§ What needs to be done:
Could you transcribe all of the data exactly and skip any pictures?

§ Input for this task:
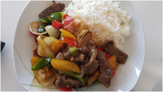 Das Fleisch aus der Marinade nehmen, leicht abtupfen und in heißem Öl unter dauerndem Rühren kurz braten. Herausnehmen und die Zwiebeln im verbliebenen Bratfett ebenfalls unter Rühren braun braten. Das restliche Gemüse zugeben und 2 – 3 Min. mitbraten, dann das Fleisch wieder hinzugeben.
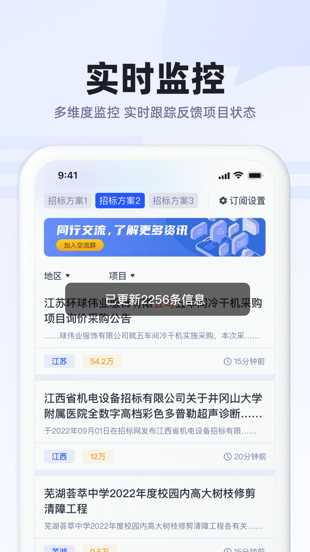 3、**实时监控与提醒**:通过多维度监控系统,用户可追踪项目状态变化(如开标时间调整、中标公示),并设置智能提醒功能。例如,某建筑企业订阅“北京市绿化工程”后,系统在开标前48小时自动推送提醒,确保用户不错过关键节点。
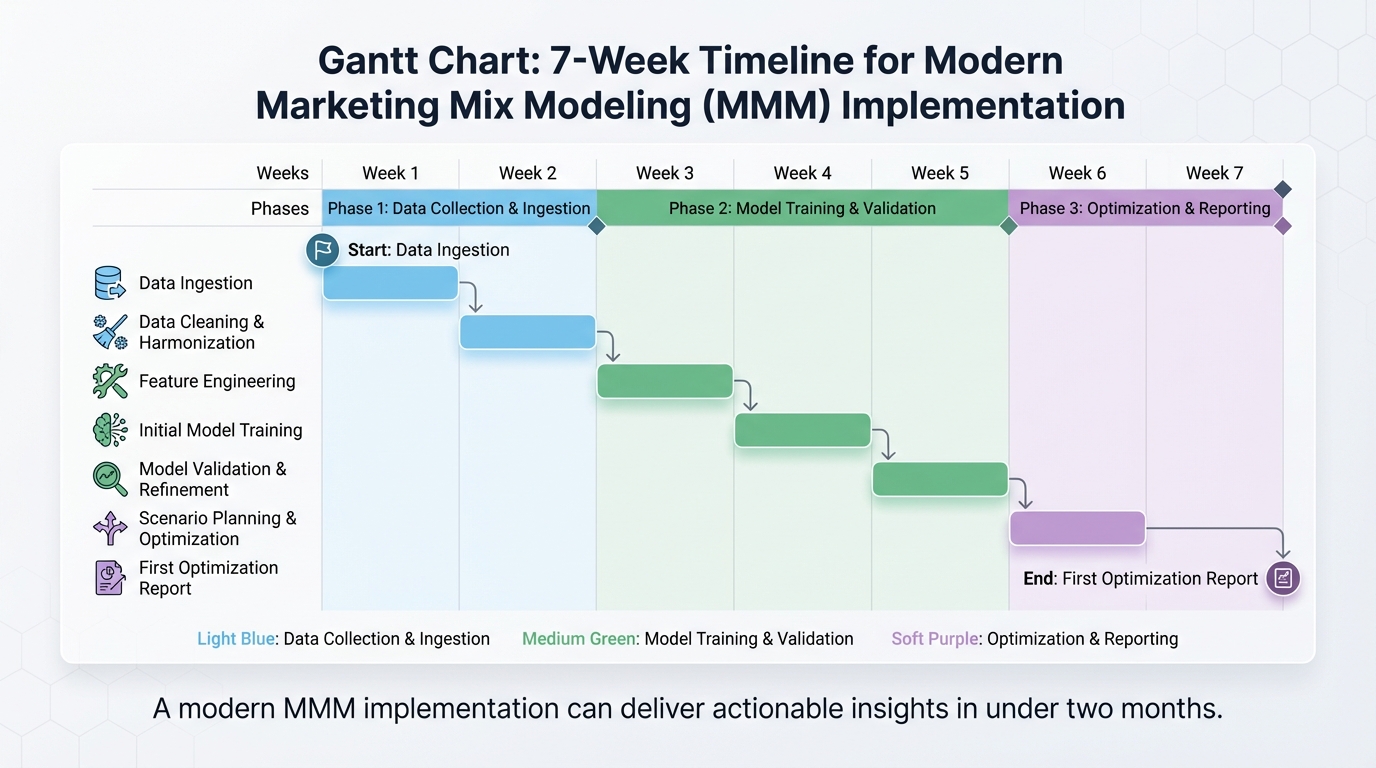 - Model Training (Weeks 4-5): The algorithm learns the relationships between your spend and your revenue.
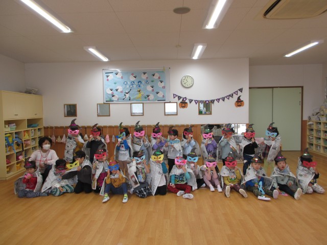 自分で作った洋服を着て、ホールでおばけ探しをしたり、ゲームをしたりしました。
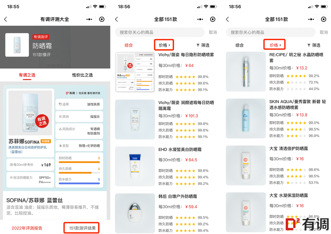 本次所有151款防晒霜的测试结果,都放在“有调评测”小程序里了,支持按照品牌进行搜索,也可以根据即时、持久、防水能力筛选符合要求的防晒霜,还可以按照价格排序(已经统一计算为每30ml/g价格)哦~
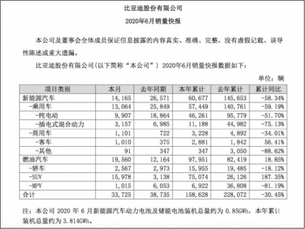7月7日晚,比亚迪发布的6月份产销报告显示,6月份公司汽车销量为3.37万辆,同比下滑12.93%;其中新能源乘用车销量1.31万辆,同比下降约49.46%。

§ Output of the task:
 Das Fleisch aus der Marinade nehmen, leicht abtupfen und in heißem Öl unter dauerndem Rühren kurz braten. Herausnehmen und die Zwiebeln im verbliebenen Bratfett ebenfalls unter Rühren braun braten. Das restliche Gemüse zugeben und 2 – 3 Min. mitbraten, dann das Fleisch wieder hinzugeben.
 3、**实时监控与提醒**:通过多维度监控系统,用户可追踪项目状态变化(如开标时间调整、中标公示),并设置智能提醒功能。例如,某建筑企业订阅“北京市绿化工程”后,系统在开标前48小时自动推送提醒,确保用户不错过关键节点。
 - Model Training (Weeks 4-5): The algorithm learns the relationships between your spend and your revenue.
 自分で作った洋服を着て、ホールでおばけ探しをしたり、ゲームをしたりしました。
 本次所有151款防晒霜的测试结果,都放在“有调评测”小程序里了,支持按照品牌进行搜索,也可以根据即时、持久、防水能力筛选符合要求的防晒霜,还可以按照价格排序(已经统一计算为每30ml/g价格)哦~
7月7日晚,比亚迪发布的6月份产销报告显示,6月份公司汽车销量为3.37万辆,同比下滑12.93%;其中新能源乘用车销量1.31万辆,同比下降约49.46%。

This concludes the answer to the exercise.